# Case Report: Evaluation of COL4A5 non-canonical splicing variants in two families

**Authors:** Chee Teck Koh, Tina Si Ting Lim, Alwin Hwai Liang Loh, Yan Fei Ng, Jia Liang Kwek, Perry Yew Weng Lau, Hui-lin Chin, Jun Li Ng, Mya Than, Irene Yanjia Mok, Cynthia Ciwei Lim, Kay Yuan Chong, Jason Chon Jun Choo, Hui Kim Yap, Kar Hui Ng, Yaochun Zhang

PMC · DOI: 10.3389/fmed.2025.1611334 · Frontiers in Medicine · 2025-09-29

## TL;DR

This case report describes how two families with Alport syndrome were studied to understand genetic variants in the COL4A5 gene affecting splicing and kidney function.

## Contribution

The study provides a multi-modal approach to assess non-canonical splicing variants in COL4A5, improving diagnostic accuracy for Alport syndrome.

## Key findings

- Both variants caused exon 18 skipping in COL4A5, leading to truncated transcripts.
- Aberrant collagen IV α5 staining was observed in kidney biopsy samples.
- Familial co-segregation confirmed the variants' association with Alport syndrome features.

## Abstract

Alport syndrome is one of the most prevalent monogenic kidney diseases, resulting from the defects in COL4A3, COL4A4, and/or COL4A5 genes. Interpretation of non-canonical splicing variants can be challenging. This study aimed to resolve two variants at non-canonical splice sites in the COL4A5 gene using multiple modalities.

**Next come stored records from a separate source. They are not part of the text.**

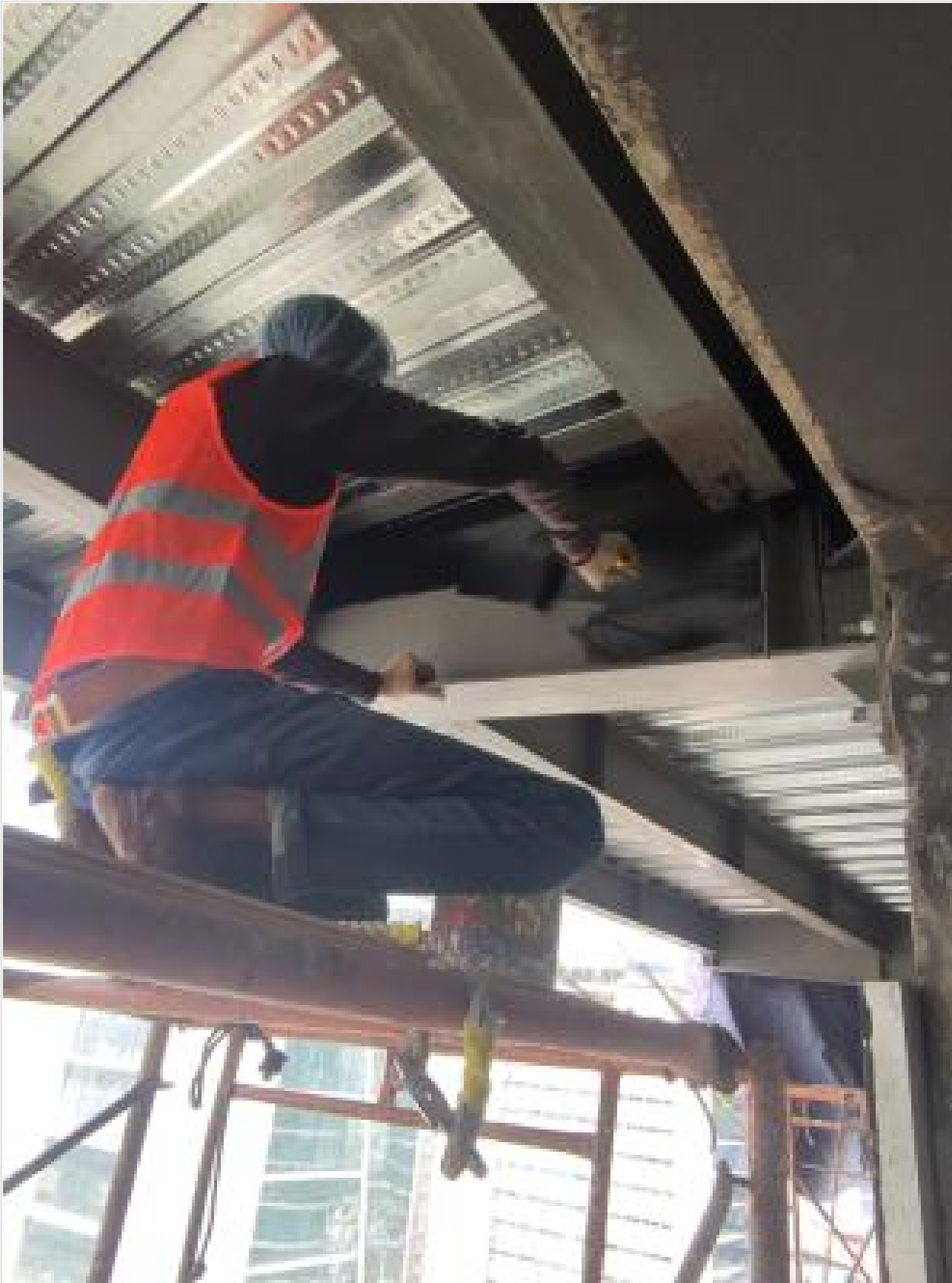
L-14-Ext Decking and Beam Painting on 27-02-23
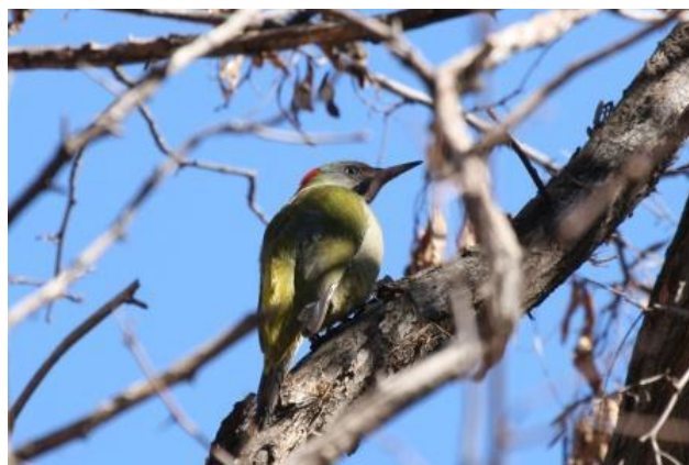
Levaillant's Woodpecker, Road to Oukaïmeden
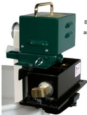
Belt Skimmer, Diverter,™ and Lockjaw™ shown here
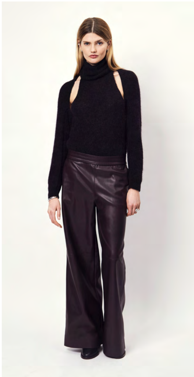
D6JUNIPER BALERO D6YALENA HALTER KNIT D6BASKERVILLE FAUX LEATHER PANTS D6AVA LEATHER ANKLE BOOTS
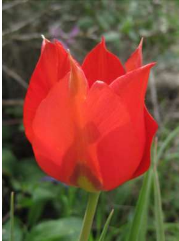
Tulipa agenensis (details below)

Another botanical high-light of my trip, was seeing the native Tulipa agenensis growing in large numbers in Mediterranean woodland, in the mountains to the west of Jerusalem. Tulips are such popular ornamental plants in the UK; I gained a really useful insight into their cultivation requirements by seeing these wild populations, growing on the grassy banks and in rocky places, in the dappled shade of the pine forest.
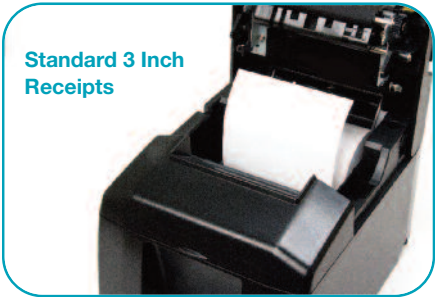
Standard 3 Inch Receipts
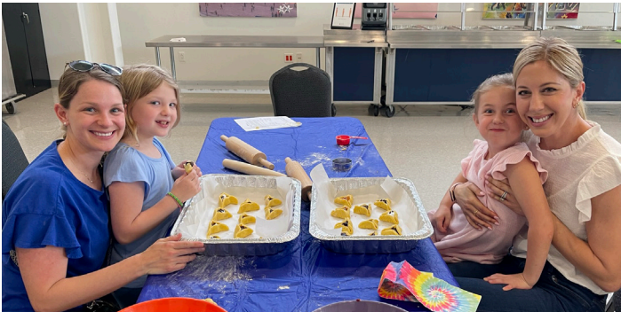
1 ST GRADE SIMCHA (CELEBRATION)
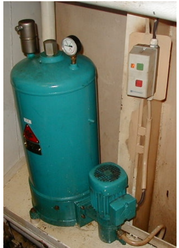
CJC™ Fine Filter type HDU 27/54 MZ installed on the reduction gear of M/S Chilean Reefer.

On a yearly basis with 7,600 running hours this reduces the amount of dirt passing the lubricating pump from 371 kilos to 45 kilos, increasing pump life by a factor 4.
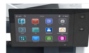
7-inch color touch screen
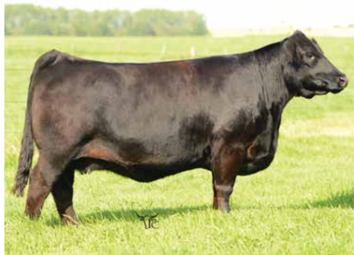
HSF YOUR FANTASY - Dam of Lots 91B & 91C
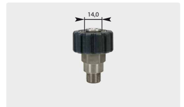
M22 : M. Stainless steel. Max. 500 bar
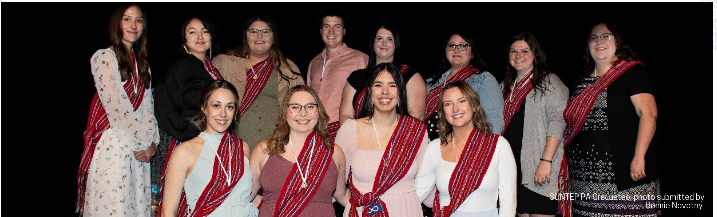
SUNTEP PA Graduates, photo submitted by Bonnie Novotny
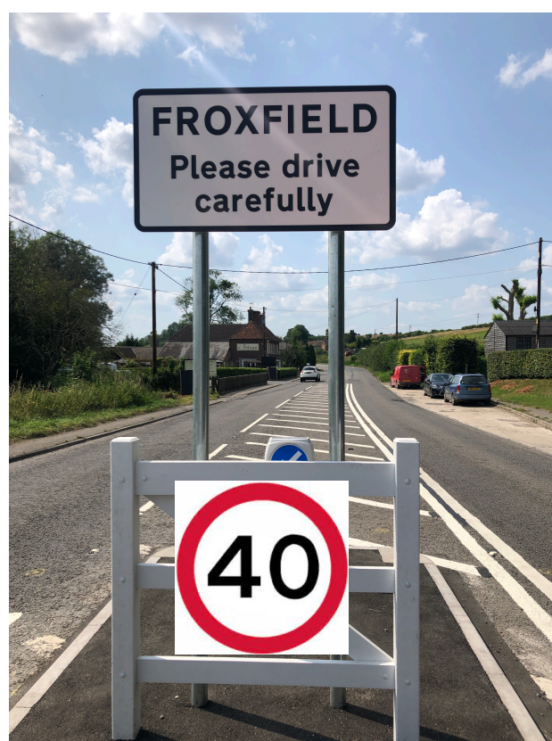
Artist's Impression - but soon should be a reality!

The standard 40mph speed limit will remove all ambiguity and ensure that all drivers understand that they are expected to drive with courtesy and regard the village boundaries as being the two gates. The PC will then seek to reinforce this message by fixing a Speed Indicator Device opposite Riverview. However, the next step will be for Wiltshire Council to publicly advertise the proposed change and fulfil some necessary legal steps. Anyone can comment on the proposed changes during the 28-day period of public consultation. Froxfield Parish Council hopes no one will object to lowering the speed limit and, all being well, and with no serious objections received, lowering the speed limit from 50mph to 40mph could be implemented early next year. This will be particularly beneficial to the cluster of houses at the end of

Exome sequencing was performed on two families suspected of having Alport syndrome. Intronic splice site variants in COL4A5, which have been reported in the literature, were identified: c.1032 + 4A > G in one family and a four-nucleotide deletion, c.1032 + 3_1032 + 6delAAGT, in the other. To clarify the pathogenicity of these variants, several analyses were performed: familial co-segregation analyses in relation to comprehensive phenotyping of family members, immunofluorescence analysis of kidney biopsy specimens to evaluate collagen IV α5 staining patterns, and minigene splicing assay to assess the impact on pre-messenger RNA (mRNA) splicing.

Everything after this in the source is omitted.